Tumblr in Web Search Experiment

Explored ways to feature relevant, engaging Tumblr content in Yahoo web search results.

Screenshot of Tumblr search results experience for query "Charleston" sometime after the horrific church shooting — *Tumblr in Yahoo Search results* *(no longer live)*

Ask
After Yahoo acquired Tumblr, Search leadership asked me to find a way to feature Tumblr content in web search results.

Process
I started out with several things to consider:

Understanding the type of content on Tumblr
Determining what content, if any, could map to real web search user needs
Figuring out what metadata we could extract from Tumblr posts and whether it was enough to work well in our content management platform
Learning as much as we could from what little data the Tumblr team could share with us

Because I was unable to discover much evidence of existing Yahoo search-to-Tumblr content behavior in our logs, and the nature of Tumblr’s content is freewheeling and relatively unstructured, we had to experiment.

The first test featured content from specific Tumblr users (celebrities, online personalities, organizations–entities with discrete matching queries) in a simple image carousel. Limitations of this approach: only image-type posts could be displayed, so blogs with text posts, links, etc. would appear with limited results or none at all, despite frequent updating; we could only trigger on keywords that had a clear match to a single blog (e.g., Beyonce, ZooBorns). As a result, coverage was low, and leadership tasked us with significantly expanding the experience.

“[Emily] took on a very demanding team that wanted to create a new experience for users with Tumblr content. She patiently worked with the team and in many instances stepped in to help move the project forward. Without her it would have taken much longer to launch the experience on Search.”
Product Manager, Search

To accomplish this, I needed to rely on automatic triggering methods that offered far less control over what content appeared in search results. Despite concerns about relevance and quality, we launched a test for a small percentage of search traffic. The initial test had to be taken offline within days because, although the backend team took steps to remove content flagged as “adult,” pornographic results (and worse) slipped through.

Search leadership was determined, however, and resources were provided to dramatically improve the indexing for quality and cleanliness. The backend team also added logic for when to return content at all, based on timeliness and other factors. A visual designer was brought in to collaborate a unique template for Tumblr that accounted for the variable types of content and included more Tumblr branding (color, logos). The UX and content improvements launched as a test for a small percentage of search traffic, and although metrics weren’t impressive, it didn’t cause major problems, and the feature launched for all desktop web traffic.

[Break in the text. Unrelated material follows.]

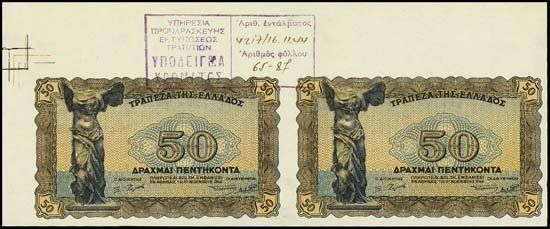 P-169 Unlisted Proofs. 50 Drachmai. 4 different progressive face proof pairs. 4 different uncut horizontal pairs with large top margins and archival hand stamp with dates 16-11-44. Includes one fully printed uniface front proof pair; 3 different progressive uniface front proof pairs of various color combinations. All are extremely rare and are from a new find. Choice to gem uncirculated. Printed in locally in Greece during the war.

“Emily did an outstanding job on the Tumblr [search experience] presentation for the Tumblr team. She has built a [search experience] that puts a stake in the ground until Science can develop more precise triggering.”
Product Marketing Manager, Search

Seeking to experiment further in hopes of improving and better understanding its performance, I took the initiative to categorize queries that triggered the Tumblr module and identify categories that might be well-served with Tumblr content. I used existing keyword lists roughly mapping to a dozen or so categories and set up a test bucket version of the module with only these categories with logging for each. I also wanted to see if other factors affected performance, including where the module appeared on the page (“slotting”) and how consistently it appeared (whether to ignore backend display logic). I tracked and compared my experiment’s performance to the primary module’s on a weekly basis, using that data to make small tweaks to each category along the way.

Result
The great Tumblr in search experiment ended after about a year and a half, when leadership decided the investment was no longer justifiable. Despite the effort’s ultimate failure, I was recognized for my contribution and creativity.

Key categories in my final experiment did show some lift in performance: food, books, holidays, fictional characters, TV series, and movie series.